# California Trimmer restore #3



## LBK_419 (Jul 25, 2018)

Found this one on Craigslist for $50. Went to pick it up and he gave it to me for free because he was afraid it wouldn't work correctly. 
I plan on digging in to it this weekend to see what all needs to be replaced.

Trying to decide what color to do this one? Also nice to get a 50th anniversary edition.


----------



## Percheron (Apr 21, 2020)

I'm looking forward to seeing your project. There are a few California Trimmers for sale around here on Craigslist and I've been thinking of doing this.


----------



## LBK_419 (Jul 25, 2018)

Tore in to #3 today. Cleaned up the Honda and ordered a new carb, sump gasket, oil seal, and ignition coil. Took the sump cover off and drained all the oil and cleaned everything out.
Then I took apart everything else piece by piece and started degreasing everything. Going to have to order new wheel bearings/bushings, side chain guard cover, grass deflector. Still trying to decide what color to paint this one. I need to find a good price on a used replacement 5 blade reel - this one has very little life left. If anyone has any leads please let me know.


----------



## SGrabs33 (Feb 13, 2017)

@LBK_419 your an expert @ this by now. Haha. Did you get rid of your other two?


----------



## LBK_419 (Jul 25, 2018)

SGrabs33 said:


> @LBK_419 your an expert @ this by now. Haha. Did you get rid of your other two?


@SGrabs33
Thanks!
And no I didn't yet.
My plan is to try and sell all three to make enough money to buy a brand new one. We'll see how that goes.


----------



## SOLARSUPLEX (Aug 4, 2020)

When you're looking for used mowers, what are the big ticket items you wont buy if they need replacing? Im seeing 2-5 mowers pop up on offerup each week for anywhere from 100-300. I'm mechanically inclined to rebuild and clean up something, but i dont want to end up putting $600 into one of these if i can avoid it.
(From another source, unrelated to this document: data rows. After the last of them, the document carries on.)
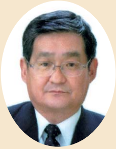
議 長 善 敬 川 副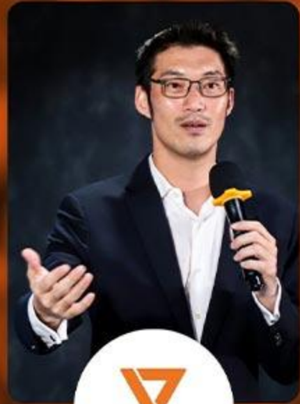
อนาคตใหม่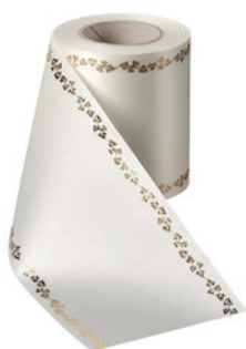
Art.-Nr.: 06738 Farbe: 003 natur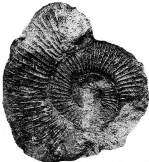
Рис. 3. Oloriziceras schneidi Tavera, 1985; экз. № 376/1, раковина сбоку (×1); Двужкорная бухта; верхний титон.

2/3 боковой стороны ребра раздваиваются на две одинаковые по силе ветви, при этом задняя слабо отклоняется назад, а передняя – чуть вперед. Характер ребристости на вентральной стороне неизвестен. Частота ребристости на наблюдаемых внутреннем и внешнем оборотах не меняется. На раковине при D = 41.0 мм насчитывается примерно 50 внутренних ребер, на сохранившейся части взрослой раковины (несколько меньше половины оборота) – 23 внутренних ребра.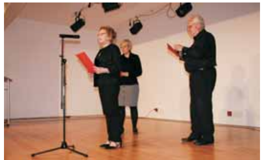
Lectura de poemes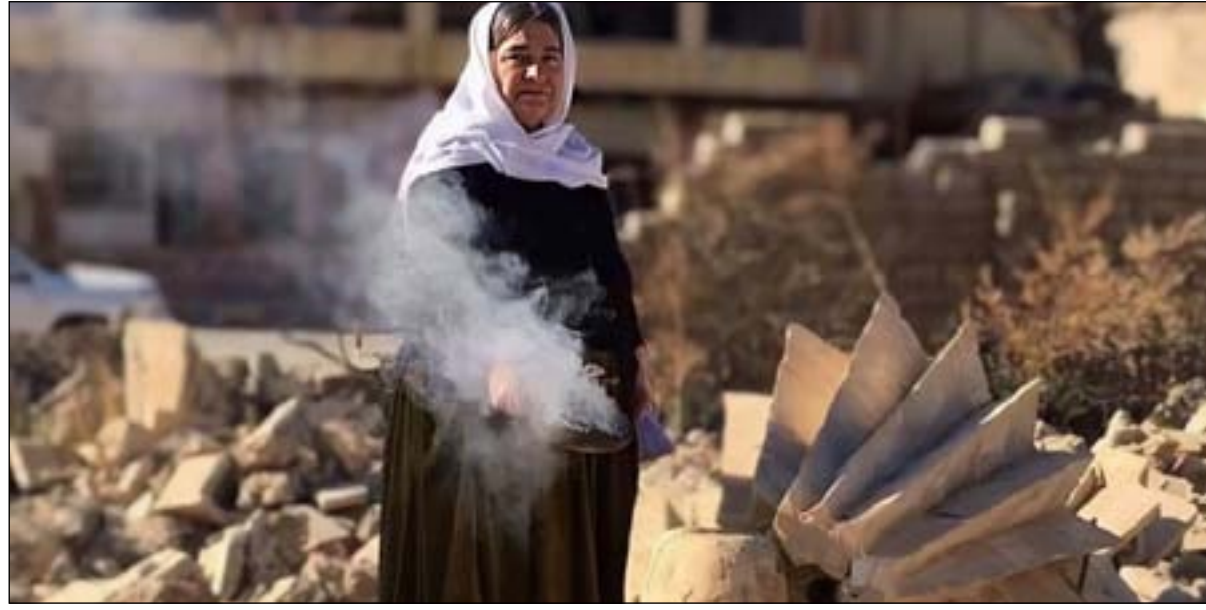
امرأة إيزيدية في سنجار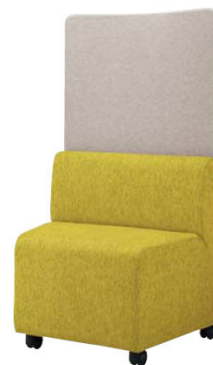
35LC-11FP-C ソファ:ミモザ キャスター脚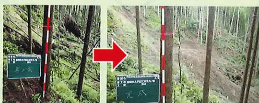
【台風などにより堆積した流木などの撤去】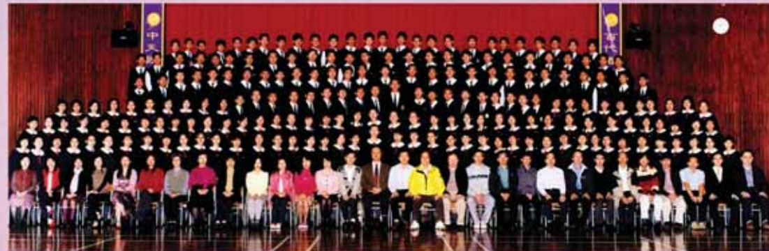
2003-2004 Form 7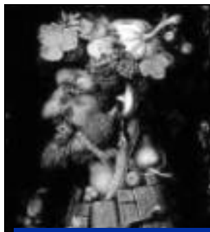
Œuvre du peintre Arcimboldo

Encore quelques jours pour découvrir ou redécouvrir l'exposition "Rêverie" de Jean-Luc VANKERSSCHAUER. A voir à l'Office de Tourisme jusqu'au 15 décembre !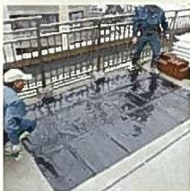
コンクリートを傷めない 為に耐根シート設置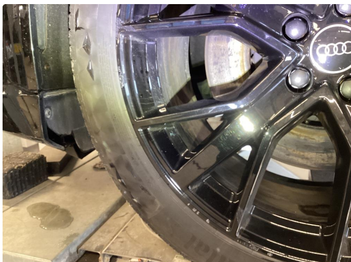
1.1 Kantkjørt felg normalt ihht alder og km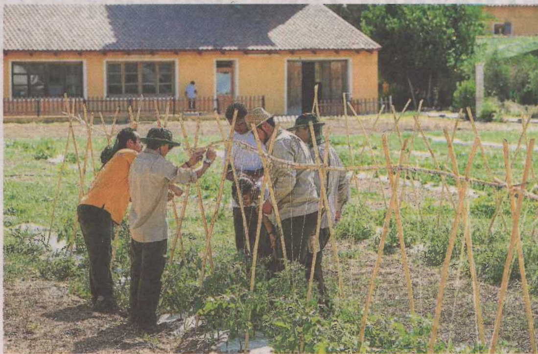
El proyecto Huertos Sociales va dirigido a personas especialmente vulnerables.

Así mismo, la Fundación Ozanam continúa con las actividades de granja-escuela para colegios, en las que han participado 1.400 niños y niñas. Además, durante todo el verano estará en funcionamiento la colonia urbana Torrevirreina, dirigida a la infancia de familias vulnerables. Este año se amplió la capacidad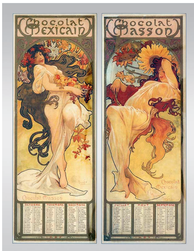
Fragmenty kalendářů A. Muchy ze sbírek Regionálního muzea v Chrudimi

Soubor plakátů malíře A. Muchy nakoupilo muzeum v roce 1898 od nakladatelství Topič u příležitosti výstav v Chrudimi v letech 1897 a 1898, některé plakáty dokoupilo muzeum ještě dodatečně.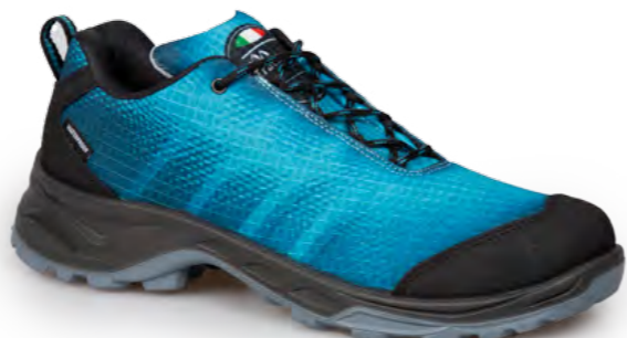
TOURQUOISE - BLACK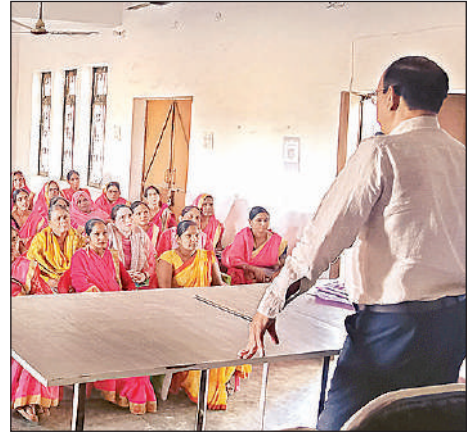
प्रशिक्षण के दौरान उपस्थित आंगनबाड़ी कार्यकर्त्रियां।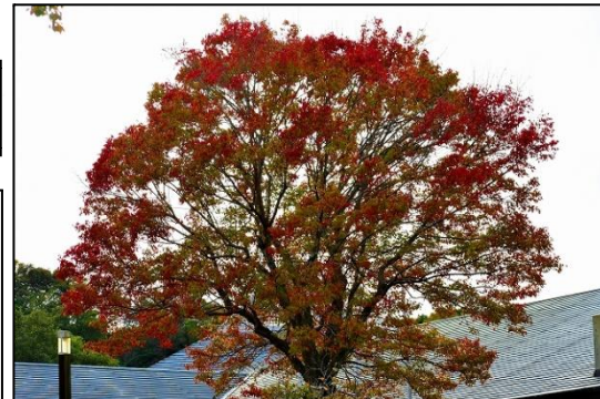
トウカエデの紅葉(ムクロジ科) きれいに紅葉しています。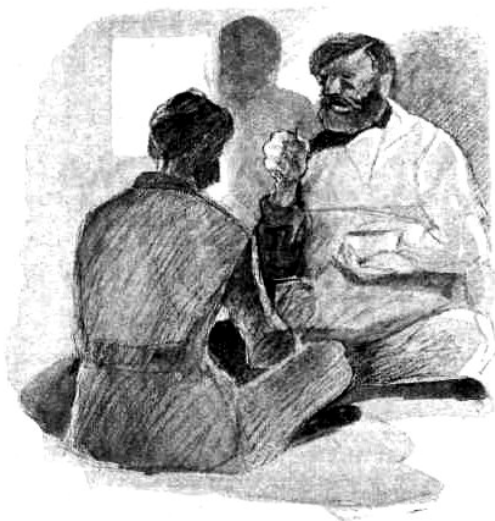
Похлебку дали, — с радостью сказал Антипыч. — Вот-ма, а чем же кушать-то?

Через час явился все тот же офицер и объявил, что цзянь четвертой народной армии Хаоли-Фу, посылая привет предкам Френкеля, не может дать никакой помощи; почтительно извиняется, потому что все бины (солдаты) на счету, а город под опасностью удара со стороны хитрой лисы — дудзюня провинции Фынь-Чжоу.

I assume the main components are the motor, reel/bedknife, and bearings?


----------



## LBK_419 (Jul 25, 2018)

SOLARSUPLEX said:


> When you're looking for used mowers, what are the big ticket items you wont buy if they need replacing? Im seeing 2-5 mowers pop up on offerup each week for anywhere from 100-300. I'm mechanically inclined to rebuild and clean up something, but i dont want to end up putting $600 into one of these if i can avoid it. I assume the main components are the motor, reel/bedknife, and bearings?


@SOLARSUPLEX 
The reel and the bed knife for sure. Bearings have been cheap/easy to replace so far. 
The motor I don't worry about too much. The last two Honda's the sellers have both said don't work, but a cheap carb from Amazon and oil seals/gaskets fixed both and pretty cheap - $30 for all parts.


----------



## Steely (Sep 24, 2017)

I will be watching this thread intently.


----------



## Steely (Sep 24, 2017)

@LBK_419 Did you have any troubles removing the reel sprocket? I removed both set screws, but it doesn't seem to want to budge. I sprayed WD-40, but maybe i need to try some penetrating spray? I do not own a gear puller, but would consider getting one if that is needed. Also, did you use the oven cleaner on the reel as well?
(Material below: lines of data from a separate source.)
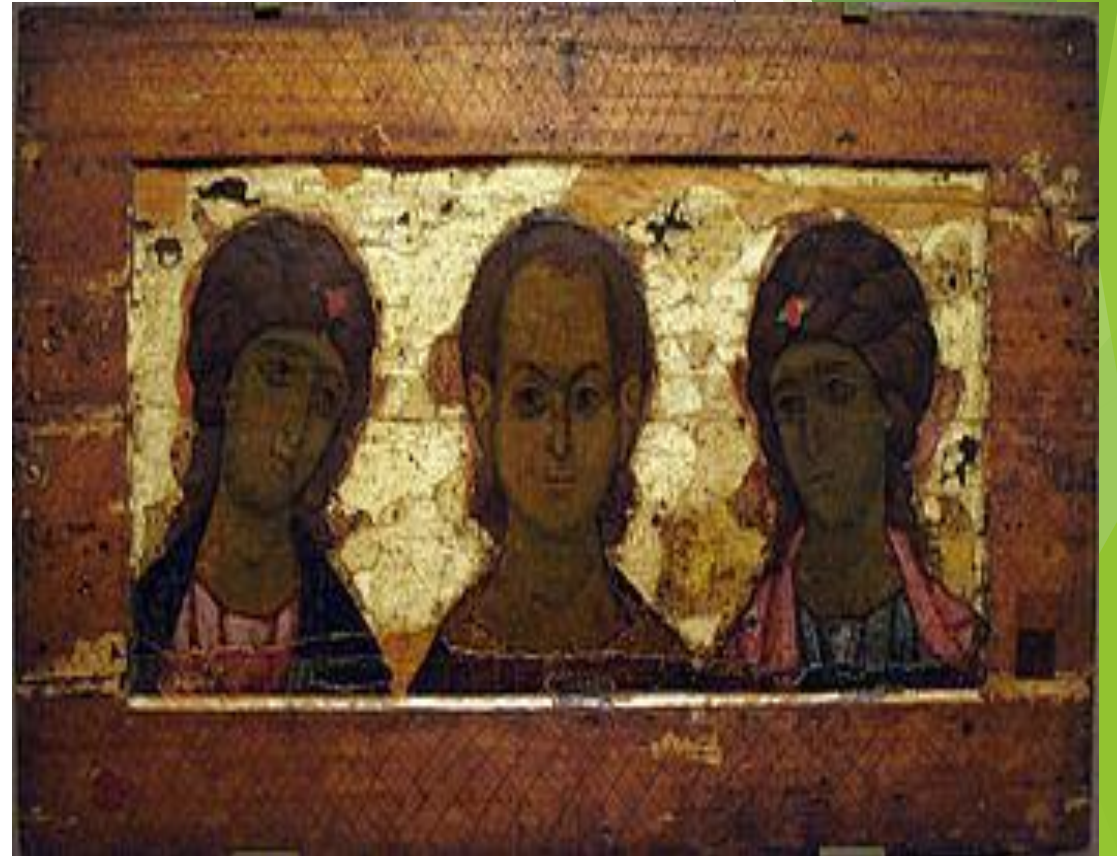
Деисус. Архангел Михаил, Спас Иммануил, архангел Гавриил. Сер. XII в.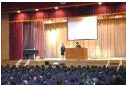
《代表生徒の活動報告》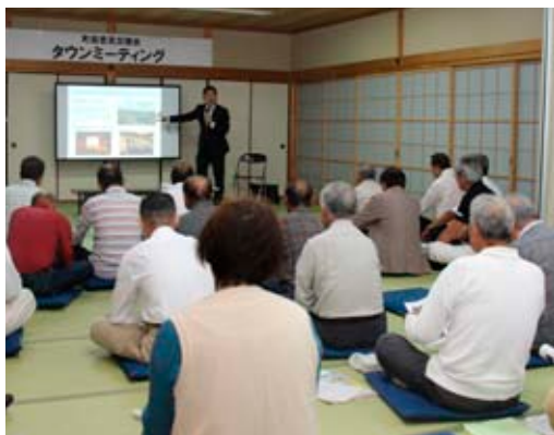
▲町長から説明が行われる

9月30日、八尾公民館で出前タウンミーティングが開催され、45人が参加されました。これは、町政についての理解を深めていただくとともに、町政に対するご意見などを承るために行うものです。 町長が「田原本町のまちづくり」について説明した後、参加者からさまざまなご意見やご提案が出されました。ご意見やご提案の内容については、町ホームページをご覧ください。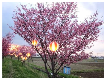
満開のさくらの里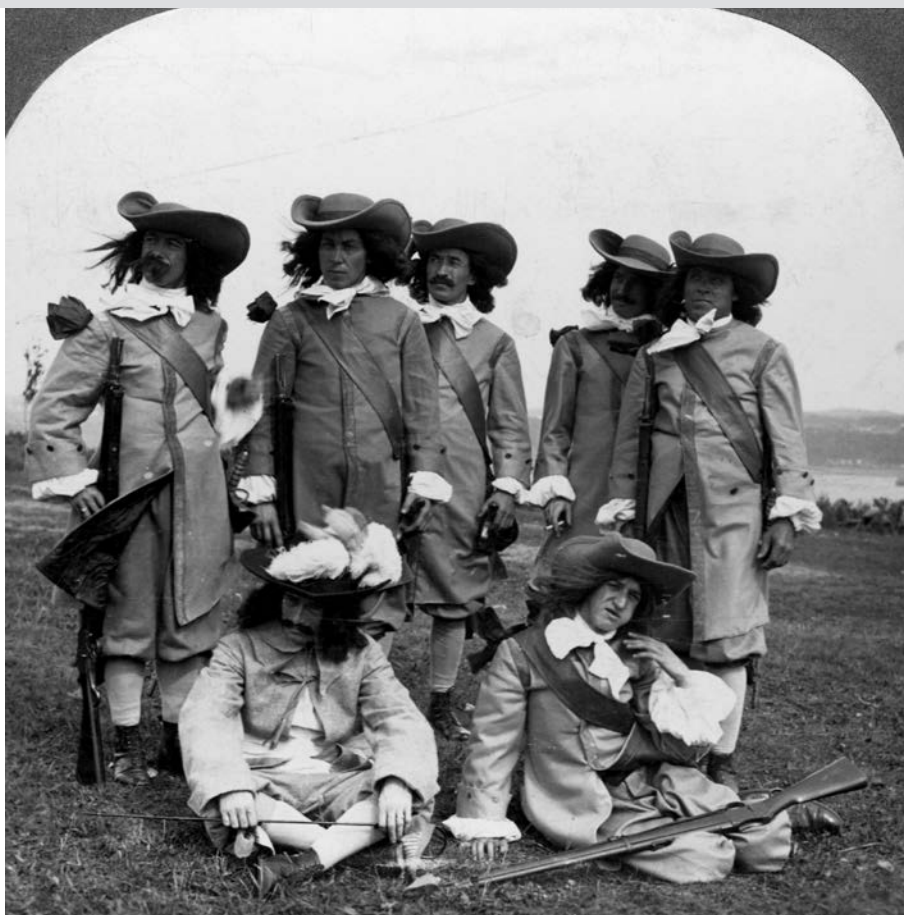
La reconstitution historique lors du tricentenaire de Québec, en 1908, réunit des centaines de figurants, dont ce groupe de soldats au service de Montcalm. Les soldats de Montcalm, reconstitution historique, tricentenaire de Québec, Québec, QC, 1908.

le public peuvent varier. On distingue habituellement entre l'interprétation personnalisée à la première et à la troisième personne. Comme le suggère la terminologie, dans le premier cas, l'interprète se voit confier un rôle précis et l'habite. Il est M. X ou M me Y., vivant à tel endroit, en telle année, avec telle fonction au sein de la maisonnée ou de la communauté. Dans les formes les plus achevées de reconstitution historique, notamment dans certains musées de plein air, l'interprète incarne pleinement son personnage et ses interactions avec le visiteur permettent à ce dernier d'appréhender non seulement le mode de vie, mais aussi la mentalité et la culture d'une autre époque. Dans la plupart des cas, l'animation n'est pas aussi immersive. Les objectifs poursuivis par la reconstitution historique sont plus modestes, les rôles assumés sont plus génériques – le visiteur rencontre une certaine domestique ou un certain forgeron, etc. L'interprétation pri-

Ultimately I would like to strip down my Trimmer and paint it over the winter. You have inspired me with your projects.

On a good note, I was able to backlap the reel last night and it is cutting paper great now.


----------



## LBK_419 (Jul 25, 2018)

Steely said:


> @LBK_419 Did you have any troubles removing the reel sprocket? I removed both set screws, but it doesn't seem to want to budge. I sprayed WD-40, but maybe i need to try some penetrating spray? I do not own a gear puller, but would consider getting one if that is needed. Also, did you use the oven cleaner on the reel as well?
> 
> Ultimately I would like to strip down my Trimmer and paint it over the winter. You have inspired me with your projects.
> 
> On a good note, I was able to backlap the reel last night and it is cutting paper great now.


@Steely 
I did have to use penetrating oil and a gear puller. I just bought a cheap one at harbor freight. This is probably the hardest part of the whole disassembly.
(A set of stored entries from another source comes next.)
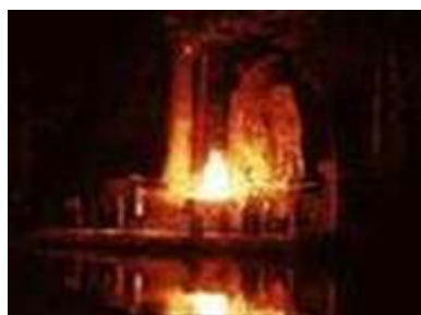
Bild 4 Die Zeremonie des Bohemian Club – Schauen Sie hierzu auch das Video

Die Eule ist also das Markenzeichen eines Clubs in Kalifornien mit dem Namen Bohemian Grove. Jedes Jahr treffen sich bedeutende Führungskräfte der angloamerikanischen Elite und diskutieren über politische Strategien unter Ausschluss der Öffentlichkeit. Das ist noch nicht alles, denn dort finden okkulte Rituale statt. Sie werden es nicht glauben, im Vordergrund einer riesigen Eule wird eine Kinderpuppe verbrannt. Was soll das bedeuten? Ein brennendes Kind vor einer Eule?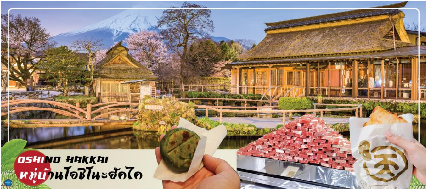
OSHINO HAKKAI หมู่บ้านโอชิโนะฮักไก

แอบสงสัยว่าน้องปลาไม่หนาวสะท้านกันบ้างหรือ เพราะอุณหภูมิในน้ำเฉลี่ยอยู่ที่ 10-12 องศาเซลเซียสนอกจากชมแล้วก็ยังมีน้ำพุจากธรรมชาติให้ดื่มตามอัธยาศัย และที่สำคัญ หมู่บ้านโอชิโนะยังเป็นที่แหล่งช้อปปิ้งสินค้าโอท็อปชั้นเยี่ยมอีกด้วย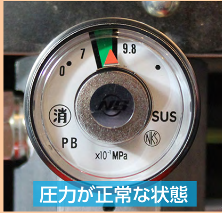
圧力が正常な状態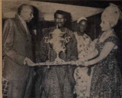
Aworan oke palapala yi ni igbati awon asiwaju Egbe Onise-Irohin ti Najiria niye ife ominira nla ti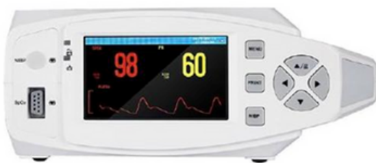
Monitor Multi-parâmetro 4.3

I have used the oven cleaner on the reel. This time I used aircraft remover that I bought at Walmart for $13 and it worked great. Feel free to call me at 806-543-6932 if you get stuck on anything.


----------



## Steely (Sep 24, 2017)

@LBK_419 did you end up putting a clear coat on your paint?


----------



## LBK_419 (Jul 25, 2018)

Steely said:


> @LBK_419 did you end up putting a clear coat on your paint?


@steely I did not. I used primer and 2 coats of paint.


----------